Another work in progress has been WSU’s defensive rotations, plus the pick-and-roll coverage. There were plenty of moments where the Shockers were dialed in, communicating well and walling off Missouri to force difficult shots, but WSU suffered too many lapses on defense — particularly down the stretch — by Mills’ standard.

“We’ll concentrate on defensive fundamentals and get back to that,” Mills said of this week’s practice plan. “Our identity is that we’re good defensively and we’re pretty good at rebounding. We need to make sure we’re sound in those two areas. I don’t know if we’re going to be a great scoring team, so we do need to take the right shots so we can get better there. And then we have to get better defensively at just nailing down the fundamentals, and that’s what we’ll revert to for the rest of the week before we play on Saturday.”

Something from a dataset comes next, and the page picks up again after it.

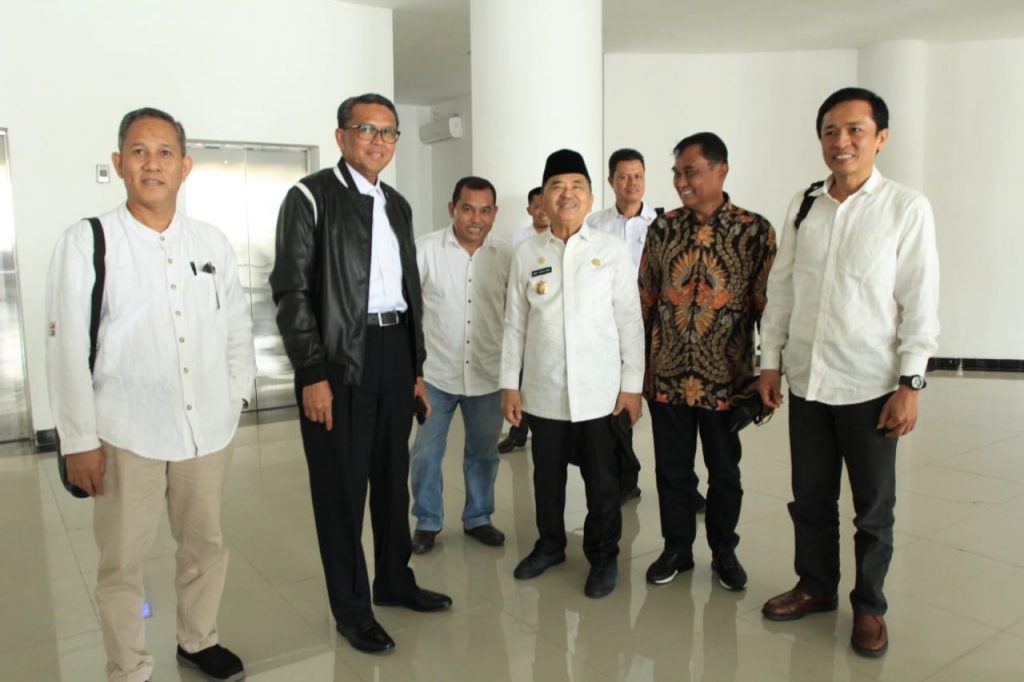 Gubernur Sulawesi Selatan, Prof. HM. Nurdin Abdullah menerima Walikota Palopo, Drs. HM. Judas Amir dan Bupati Luwu H. Basmin Matayang, di ruangannya, Kantor Perwakilan Gubernur Sulsel, yang berada di lantai 3 Kantor Walikota Palopo setelah tiba di Bandara, Rabu (29/5/2019).
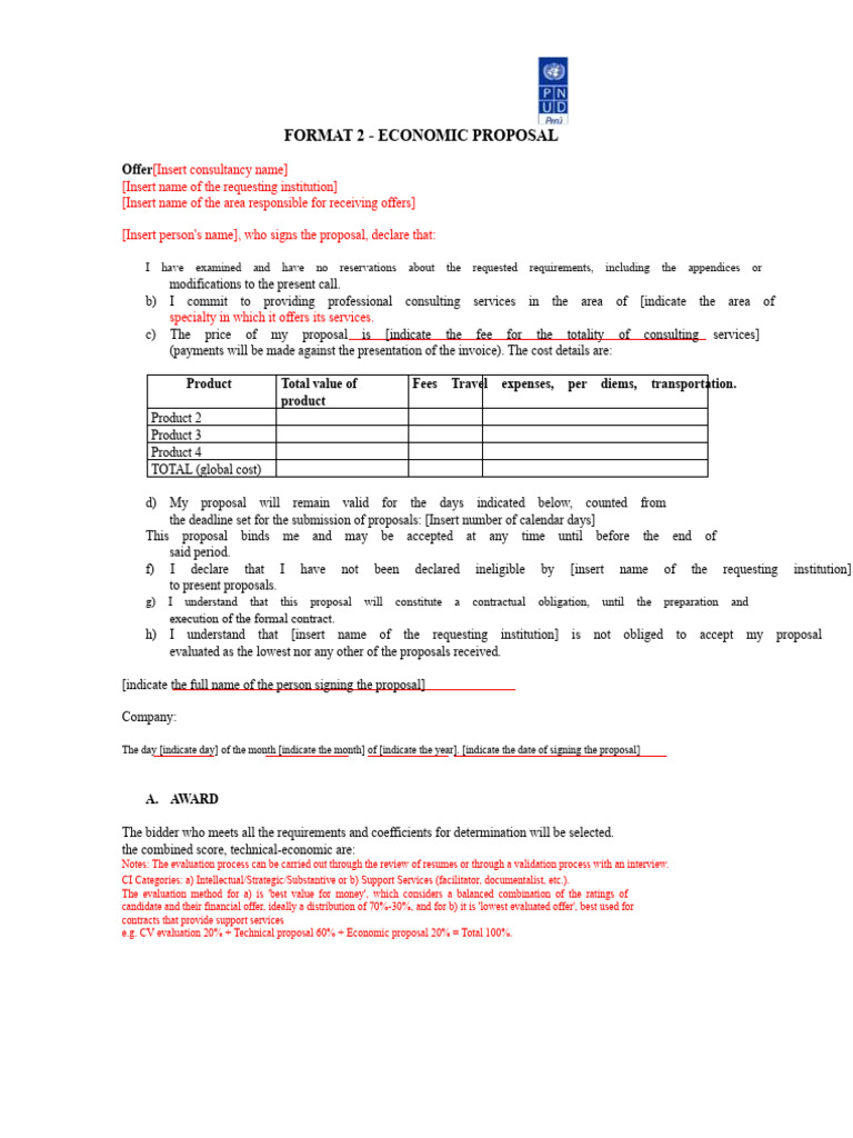 Format of The Economic Proposal | PDF | Economies | Business

The statistics certainly support Mills’ assessment of WSU’s identity.

The Shockers rank third in the country in defensive rebounds per game (33.0) and No. 17 in rebounding margin (plus-10.6). Their defensive effective field goal percentage of 44.3% is good for 30th-best nationally.

WSU leaned on those two strengths to claw back in Sunday’s game, chipping away at a double-digit deficit following a turnover-prone start to make it a one-possession game in the final three minutes.

After being bombarded in its first loss of the season to Liberty, WSU had an improved response — this time in a true road environment — in its next high-level game. It’s still not where Mills expects, but it’s part of the process for a relatively new team in a new system.

“I still think we’re on a learning curve about the things that we need to do,” Mills said. “To be able to play in that kind of environment, I think guys understand the urgency that’s needed now.

“We did a lot of things right, but we’ve got a lot of things to correct. The response was better, but we still need to tighten up some areas in regards to pick-and-roll coverage and shot selection. Those things are all fixable.”